In the context of the workflow, this script is executed in the ‘langdetect’ state. It comes after the ‘DS_langDetect_transfer’ state, where the necessary input file is transferred to the langdetect endpoint. The output of this script, “langdetect_predictions.txt”, is then used in the ‘statistics’ state of the workflow, where the accuracy of the langdetect and fastText predictions are compared.

Referencing

Some narrative text which includes a reference (Miller, Pfeiffer, and Schwartz (2011)).
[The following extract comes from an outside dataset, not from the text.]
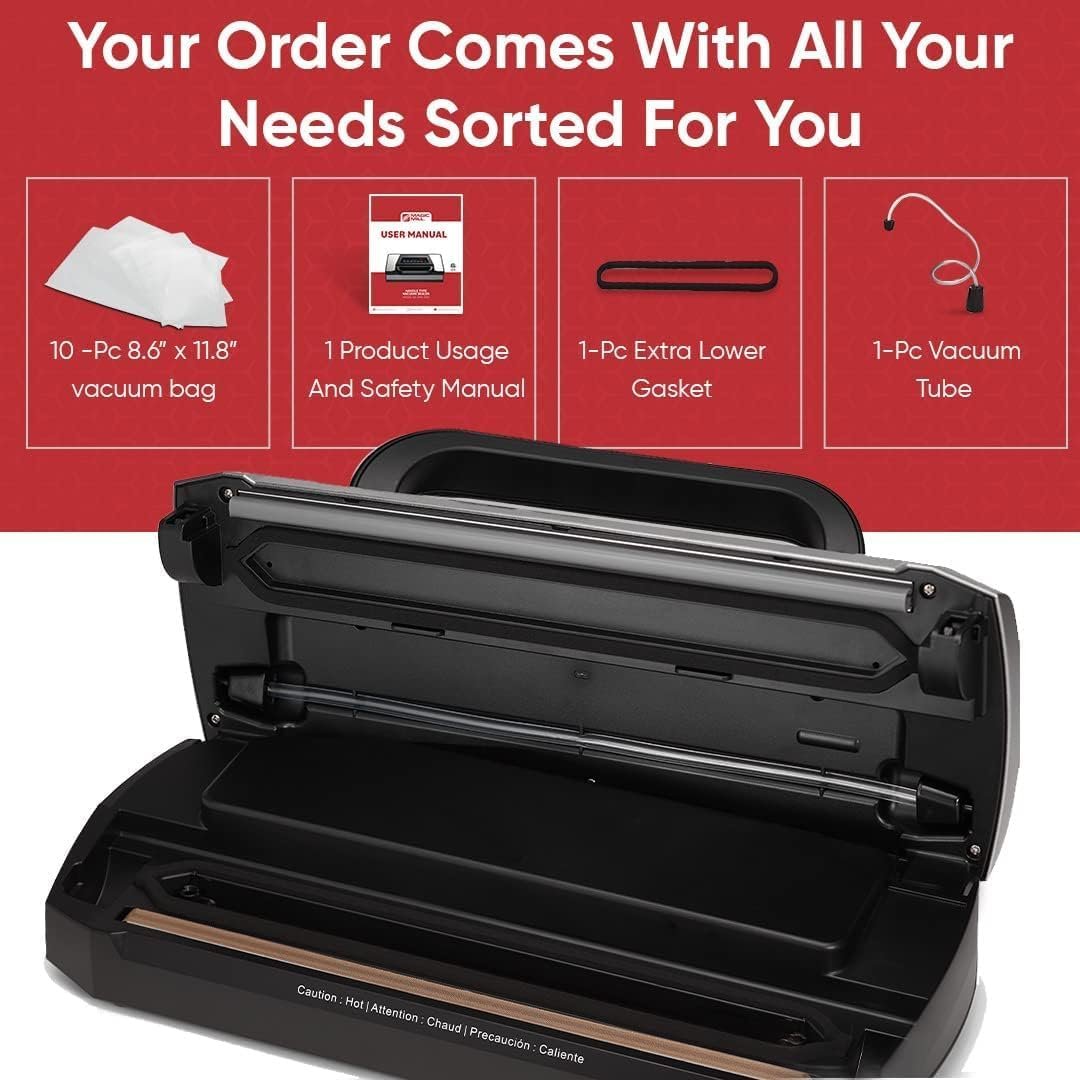 Extra Starter Kit – Aside from the Vacuum Sealer, the product package also comes with 1- roll 8.6″ x 11.8″ food saver vaccum bag, 1 Vacuum Tube, 1-piece hand cutter, 1-piece extra lower gasket, and Product Usage and Safety Guidelines. The product has a 1-year Warranty, and for any inquiries about the product, you can always contact customer service.

A small list of references:

  • Uhrin et al. (2021)
  • Goecks et al. (2010)
  • Vescovi et al. (2022)

References

Goecks, Jeremy, Anton Nekrutenko, James Taylor, and Galaxy Team. 2010. “Galaxy: A Comprehensive Approach for Supporting Accessible, Reproducible, and Transparent Computational Research in the Life Sciences.” Genome Biology 11: 1–13.
Miller, Mark A, Wayne Pfeiffer, and Terri Schwartz. 2011. “The CIPRES Science Gateway: A Community Resource for Phylogenetic Analyses.” In Proc. 2011 TeraGrid Conference: Extreme Digital Discovery, 1–8.
Uhrin, Martin, Sebastiaan P Huber, Jusong Yu, Nicola Marzari, and Giovanni Pizzi. 2021. “Workflows in AiiDA: Engineering a High-Throughput, Event-Based Engine for Robust and Modular Computational Workflows.” Computational Materials Science 187: 110086.
Vescovi, Rafael, Ryan Chard, Nickolaus D Saint, Ben Blaiszik, Jim Pruyne, Tekin Bicer, Alex Lavens, et al. 2022. “Linking Scientific Instruments and Computation: Patterns, Technologies, and Experiences.” Patterns 3 (10): 100606.